22. Money having been found in possession of respondent No. 1, he miserably failed to offer a convincing explanation that he had no intention either to steal or misappropriate the same. His whole conduct wholly falsified his ipsi dixit that he had no dishonest intention of misusing the money. Even believing his version that he came into possession of money at 10.30 p.m., when he was driving the bus, having found it in the cabin, his conduct in not trying to ascertain as to whom the money belongs, is sufficient to come to a safe conclusion that respondent No. 1 had the mala fide intention of retaining the money. He farther confounded his conduct in retaining the money with him till the owner of money made a complaint and not disclosing that he found the money at least when the Conductor was checking some of the passengers. I have no reason whatsoever to doubt the veracity of the evidence of Conductor who is a truthful witness and who has no axe to grind against respondent No. 1.

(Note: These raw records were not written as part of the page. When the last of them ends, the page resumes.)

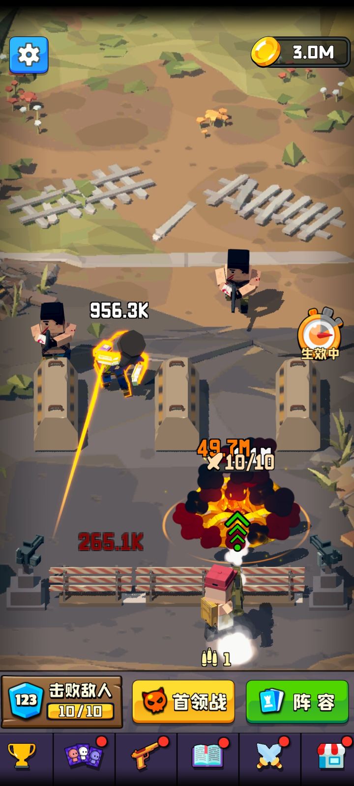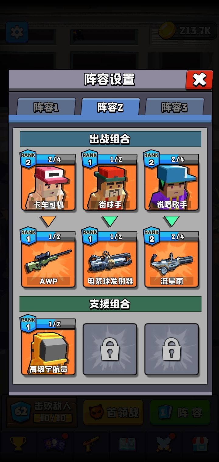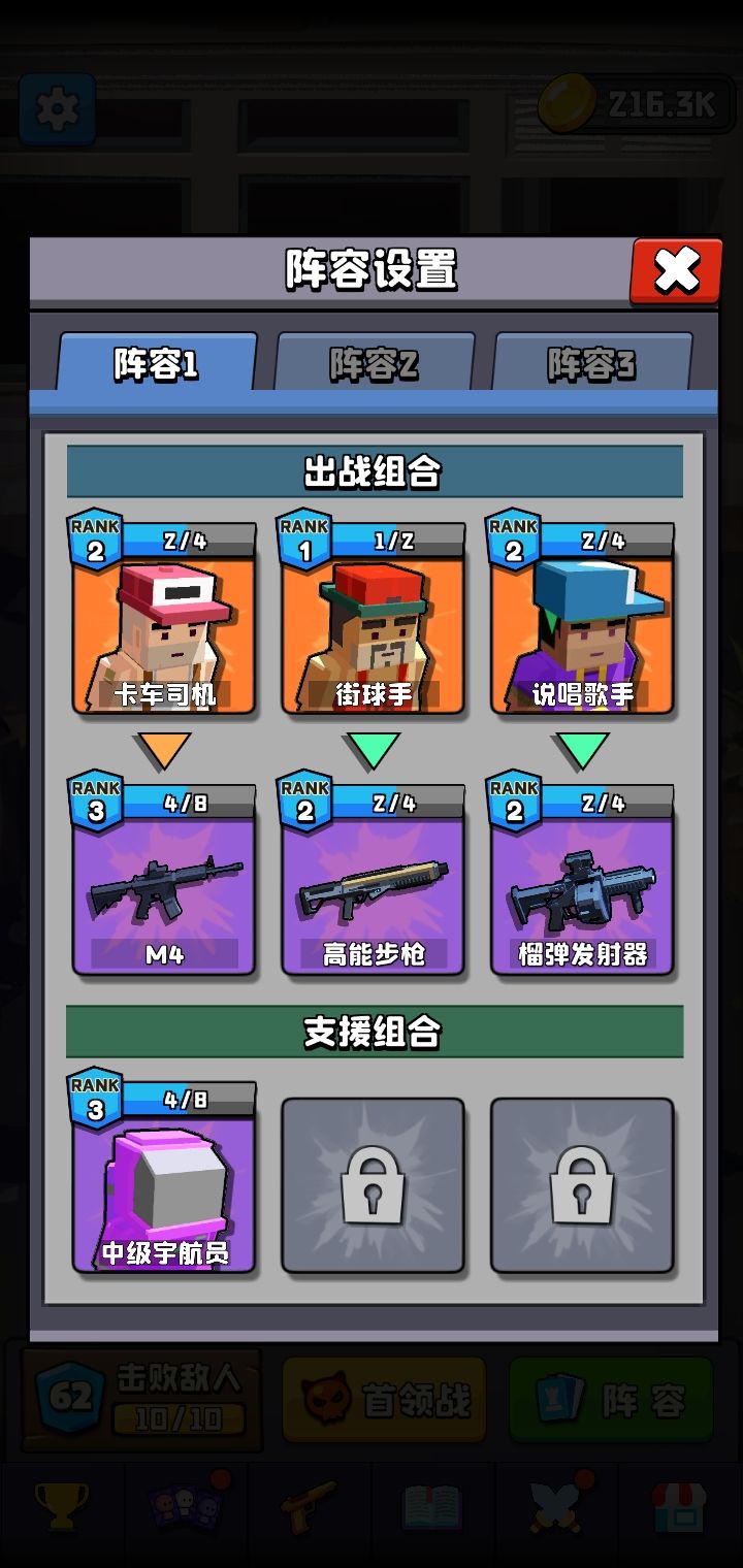 这关难度在于有3小关,第二关和第三关小怪输出快,伤害高,而最后的三个boss血太多,所以这里放弃增加弹药改为增伤人物,再利用m10增加输出过关。下面是演示视频。
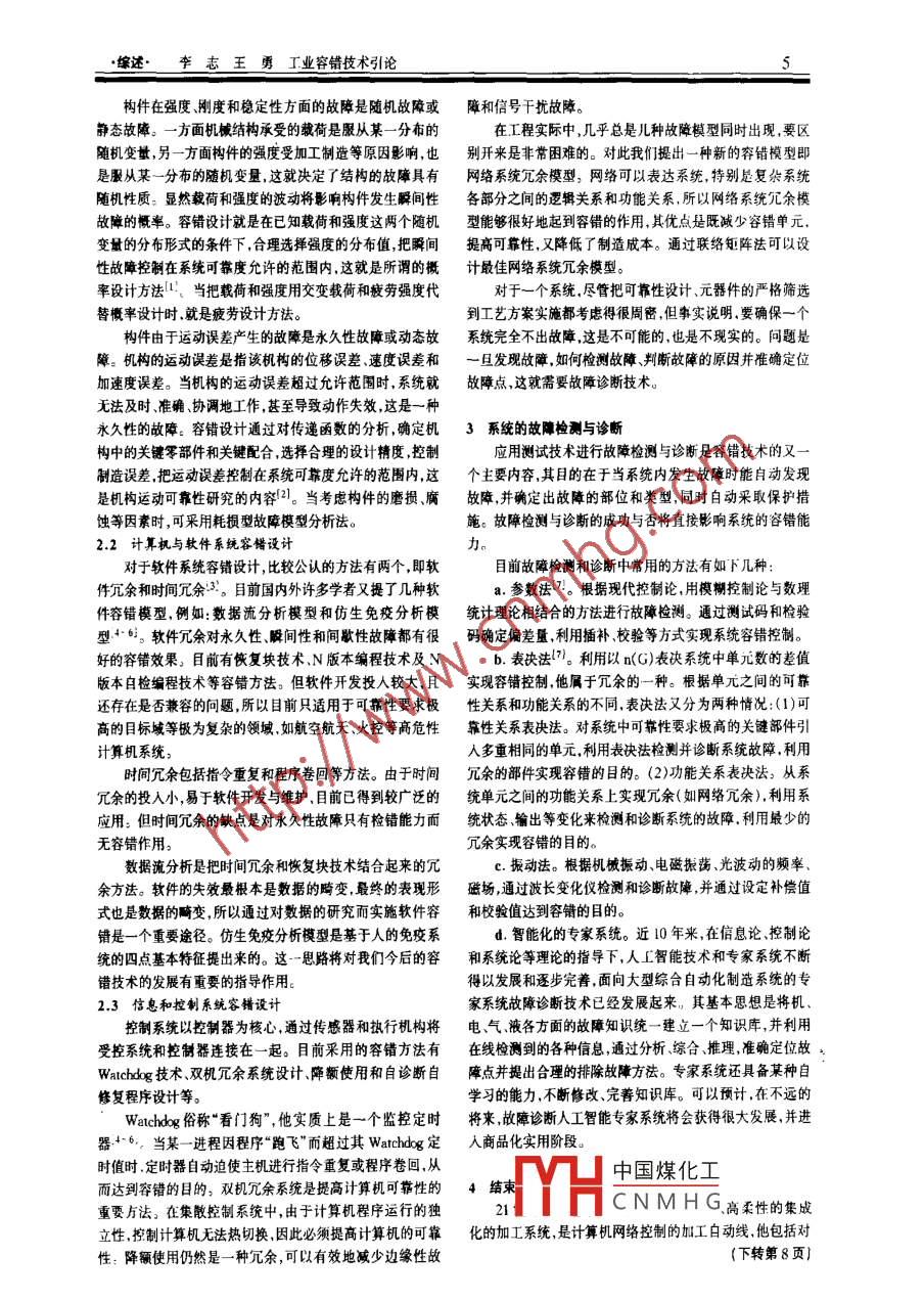 42002年1月機械設(shè)計與制造工程 第31卷第1期工業(yè)容錯技術(shù)引論李.志,王勇(渝州大學(xué)科研處.慶40033)摘要:容錯技術(shù)應(yīng)用非常廣泛,在相關(guān)理論的指導(dǎo)下,提出了工業(yè)客錯技術(shù)的基本概念,論述了常見的系統(tǒng)故障、典型的工業(yè)容錯設(shè)計方法和故障檢測手段,討論了工業(yè)容錯技術(shù)的應(yīng)用前景和發(fā)展方向。關(guān)鍵詞:工業(yè)系統(tǒng);容錯設(shè)計;故障診斷中圈分類號:1IP302.8文獻標(biāo)識碼:A文章編號:1007 - 9483(2002)01 -0004 - 02An Introduction to Fault - tolerant Technology for IndustryLI Zhi, WANG Yong(Yuzhou University, Chongqing, 40033,China)Astract: The use of fault - toerant tchnology is exensive usually. With the belp of relevant theory, the peper sets up a basicideaof fault - tolerant technology for industry, discuses a common systen failures. It givs the detail about a typical designmethod of faul - tolerant and inspetion, shows the prospects of this technology.Key words: Industry System;Fault - tulcrant Desig;Fault Iiagnosis容錯的基本思想是由馮.諾伊曼在1962年提出的。容免永久性瞬間性和間歇性故障的能力,稱為系統(tǒng)的容錯能錯技術(shù)能夠自動適時地監(jiān)測并診斷出系統(tǒng)的故障,然后采力。 當(dāng)用概率來度量這一能力時就是系統(tǒng)的容錯度。取相應(yīng)的故障控制或處理方法,自動修復(fù)或在線修復(fù)故障。容錯技術(shù)是可靠性理論的重要分支。系統(tǒng)的容錯度與隨著FMC.CIMC和FMS技術(shù)的迅猛發(fā)展,工業(yè)自動化、柔可靠度既有關(guān)聯(lián),又有區(qū)別。容錯度與可靠度-樣都是衡性化和集成化程度越來越高。為了有效地保證系統(tǒng)正常I量各種系統(tǒng)質(zhì)量好壞的重要指標(biāo).是對系統(tǒng)進行可靠性設(shè)作.就必須提高系統(tǒng)的可靠性。工業(yè)容錯設(shè)計是提高系統(tǒng)可計的重要依據(jù)。但是容錯度不能代替可靠度??煽慷仍诓豢啃缘闹匾緩剿灤┯谙到y(tǒng)的設(shè)計、實驗、生產(chǎn)和使用全同的規(guī)定條件下,有基本可靠度和任務(wù)可靠度之分:在一過程,他與系統(tǒng)整個壽命周期內(nèi)的全部可韓性活動有關(guān)。定條件下,系統(tǒng)的容錯度與任務(wù)可靠度存在-種函數(shù)關(guān)系。工業(yè)容錯技術(shù)包括系統(tǒng)的容錯設(shè)計和系統(tǒng)的故障診斷與檢1工業(yè)容錯技術(shù)基礎(chǔ)測等內(nèi)容,系統(tǒng)故障一般可以分為兩大類:-類是先天的固有故障,如元器件生產(chǎn)過程中造成的故障和線路與程序在設(shè)計2系統(tǒng)的容錯設(shè)計過程中產(chǎn)生的故障,這一-類故障需對其拆卸、更換或改正;當(dāng)系統(tǒng)設(shè)計過程中規(guī)定了可籍性指標(biāo)(如可靠度),并另一類故障是后天的永久性、瞬間性或間歇性故障,是由于按一定的方法把可靠性指標(biāo)分配給組成系統(tǒng)的分系統(tǒng)、設(shè)系統(tǒng)在運行過程中產(chǎn)生的缺陷所導(dǎo)致的,造成這-類故障備和元器件后,就需要研究實現(xiàn)這個可靠性指標(biāo)的可能性的原因很多.外部原因包括溫度、濕度、振動、沖擊、噪聲停及方法。系統(tǒng)的容錯設(shè)計就是對發(fā)生或可能發(fā)生故障的電等物理因素及操作人員過失等人為因素,內(nèi)部原因包括系統(tǒng)及其組成單元進行分析,鑒別其故障模式、故障原因或系統(tǒng)的偶然性故障和長時間使用后性能老化,以及經(jīng)過可故障機理,估計該故障模式對系統(tǒng)可能產(chǎn)生的影響,采取容靠性增長試驗仍未能發(fā)現(xiàn)的軟件和硬件缺陷等引起的故錯方法保證可靠性指標(biāo)分配。根據(jù)系統(tǒng)組成特點,系統(tǒng)故障。工業(yè)容錯技術(shù)主要針對系統(tǒng)可能出現(xiàn)的永久性、解間障可分為機械系統(tǒng)故障、軟件系統(tǒng)故障信息和控制系統(tǒng)故性和間歇性故障進行容錯設(shè)計、故障檢測與診斷以及故障障。決策。容錯設(shè)計的主要方法是系統(tǒng)冗余,但不同的故障形式工業(yè)容錯技術(shù)以控制論、模糊控制論、可靠性、概率論、必須采用不同的冗余方法。特別要指出,并不是所有的系系統(tǒng)論以及CIMS技術(shù)等理論為研兗基礎(chǔ);以自動化、柔性統(tǒng)故障都能用容錯技術(shù)加以解決,這也正是容錯技術(shù)不能化、集成化和信息化程度很高的大規(guī)模生產(chǎn)線加工中心為等同于可靠性理論的原因之一。下面分別就機械系統(tǒng)故研究對象;以設(shè)計制造和使用過程中經(jīng)濟損失最低為研究障、軟件系統(tǒng)故障信息和控制系統(tǒng)故障的容錯設(shè)計方法作目標(biāo)。系統(tǒng)在規(guī)定的使用壽命中,能夠檢測、診斷決策及避2.1機槭系統(tǒng)容鐠設(shè)計中國煤化工收稿日期:2001 -08 - 20作者簡介:李志(1965 - ).男.四川南充人,渝州大學(xué)副教授.碩+MYHC N M H G$術(shù)、CADCAPP/CAM等c_ .綜述 李志王勇工業(yè)容錯技術(shù)引論構(gòu)件在強度剛度和穩(wěn)定性方面的故障是隨機故障或障和信號干擾故障。靜態(tài)故障。一方面機械結(jié)構(gòu)承受的載荷是服從某一分布的在工程實際中,幾乎總是兒種故障模型同時出現(xiàn),要區(qū)隨機變量,另一方面構(gòu)件的強度受加工制造等原因影響,也別開來是非常困難的。對此我們提出一種新的容錯模型即
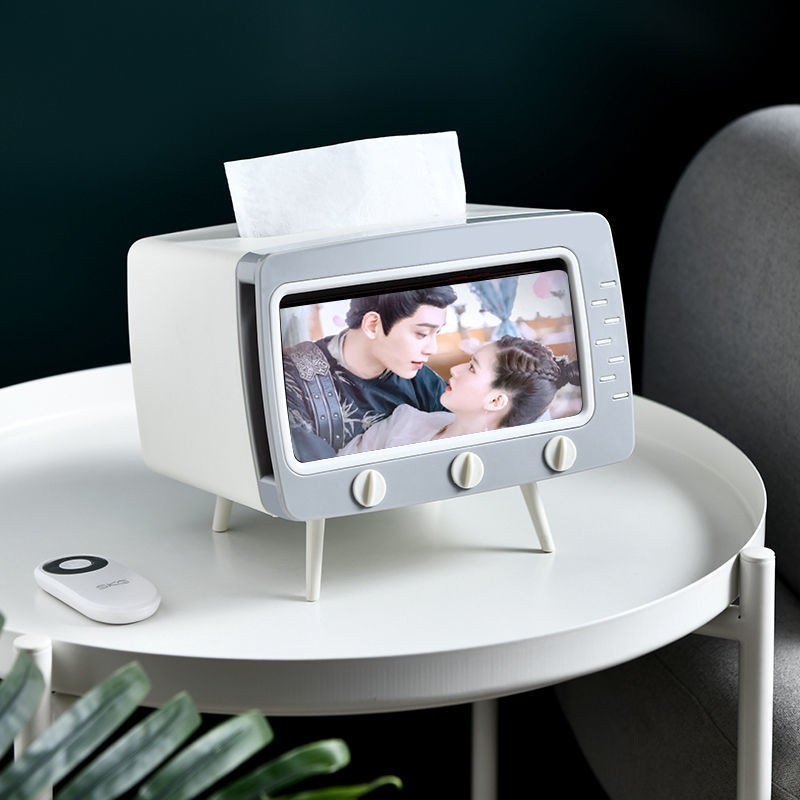 [Local Ready Stock] TV Table Multi-function Desktop Storage Box Creative Tissue Box Roll Plastic Tray Basic Kitchen Pumping Tray
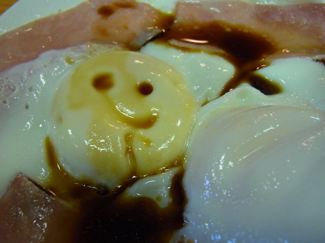 ハムエッグにかけた醤油でニッコリ笑顔が出来ましたね(^^)
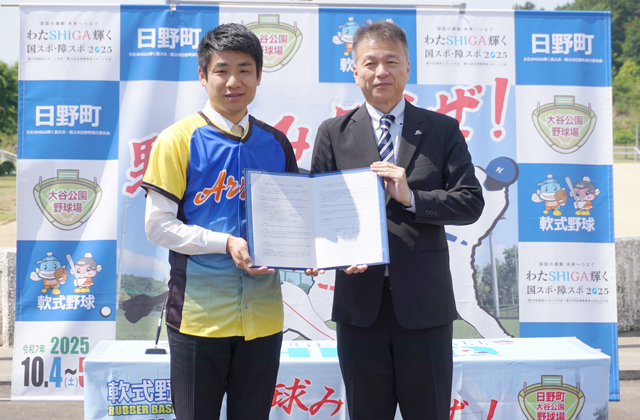 イベント当日は、滋賀県大津市の東レ滋賀事業場を本拠地とする東レの女子バレーボールチーム「東レアローズ滋賀」と日野町による、スポーツ振興を目的としたパートナーシップ協定締結式も実施。「東レアローズ滋賀」の所属選手6人も来町し、炬火イベントにも参加して盛り上げに一役買った。
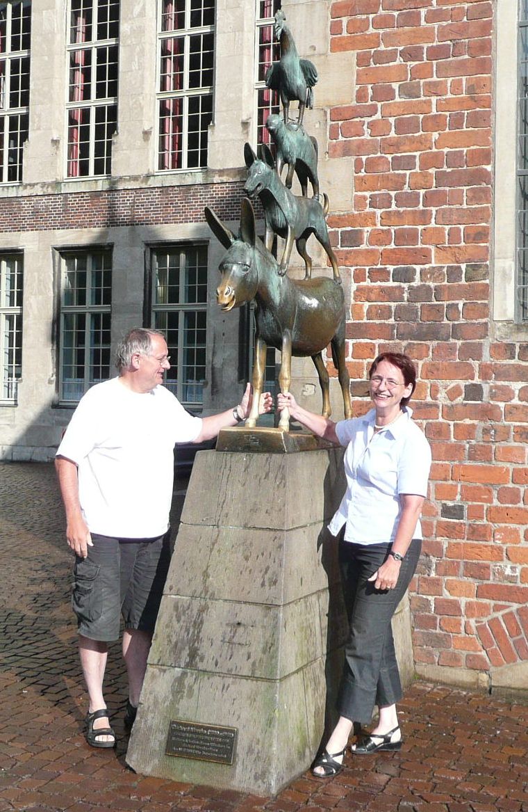 Dann wollte Ulla auf keinen Fall den Salat im nächsten Platzregen essen, sondern wir mussten uns ins "Becks am Markt" zurückziehen. Nach einer Wartepause konnten wir uns mit den Stadtmusikanten "befassen"
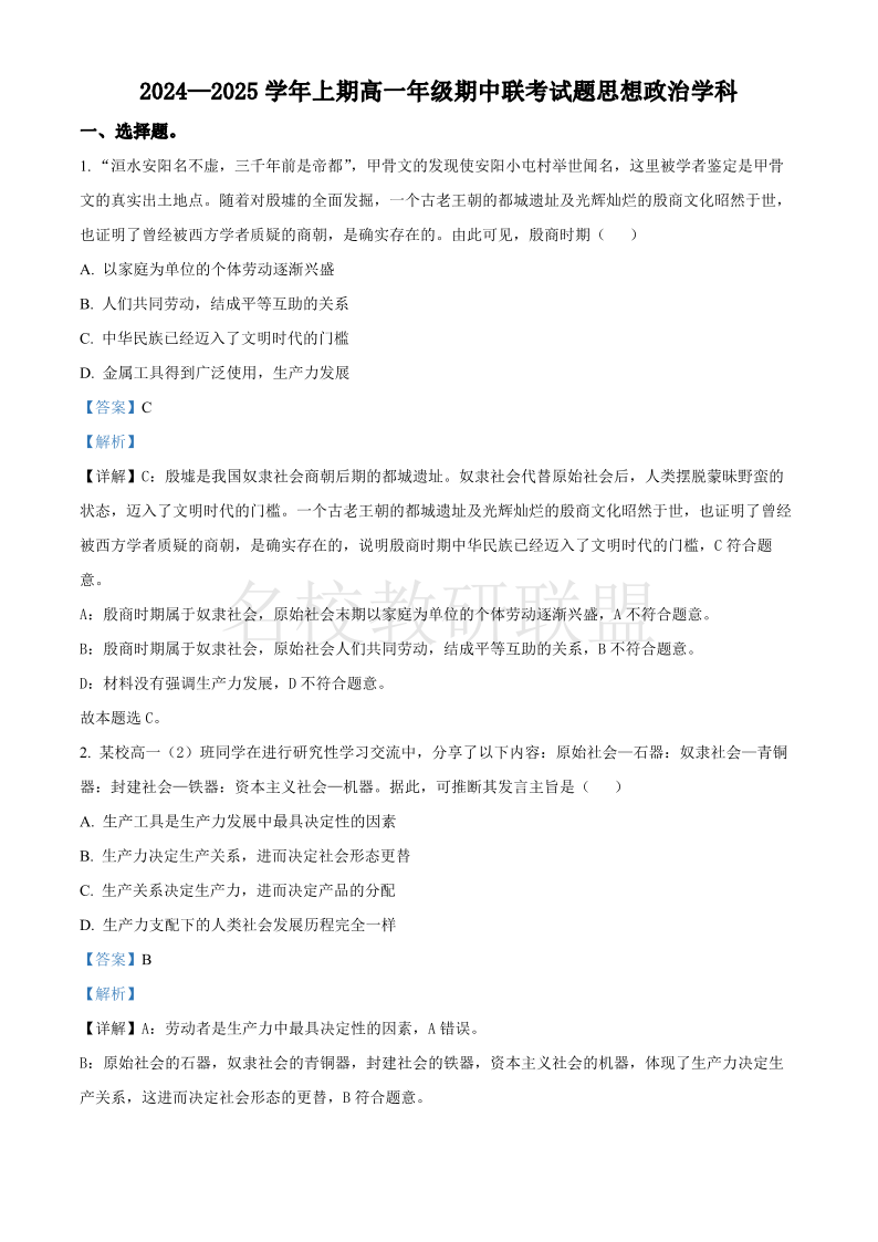 河南省郑州市十校2024-2025学年高一上学期期中联考 政治答案

23. The view taken by the Labour Court that the non-examination of Sharfuddin, the passenger who lost money is fatal, is wholly unsustainable. The approach of the Labour Court clearly suggests as if it was adjudicating a criminal case and not a dispute arising in a departmental proceedings, where, as already noted hereinabove, preponderance of probabilities is sufficient to hold an employee guilty. The manner in which it re-appreciated the evidence is alien to review of orders passed in disciplinary proceedings. Its reasoning that non-examination of the complainant in the enquiry is fatal is not sustainable because the evidence on record is sufficient to prove the misconduct of respondent No. 1. Its further finding that Venkatesham supported the version of respondent No. 1 is not wholly correct since, he categorically stated that money was found in possession of respondent No. 1 and that on the insistence of the Conductor, he handed it over to the passenger. To this extent, his evidence corroborates with the evidence of the Conductor. Though in his cross-examination he evidently sought to oblige respondent No. 1, that does not make any difference in view of his statement that money was recovered from respondent No. 1. The evidence as discussed above satisfies the test of preponderance of probabilities that respondent No. 1 had the dishonest intention of retaining the money belonging to a passenger. In my considered opinion the conduct of respondent No. 1 certainly constitutes attempt on his part to commit theft or steal the money belonging to a passenger. The award of the Labour Court on charge No. 1 cannot therefore, be sustained.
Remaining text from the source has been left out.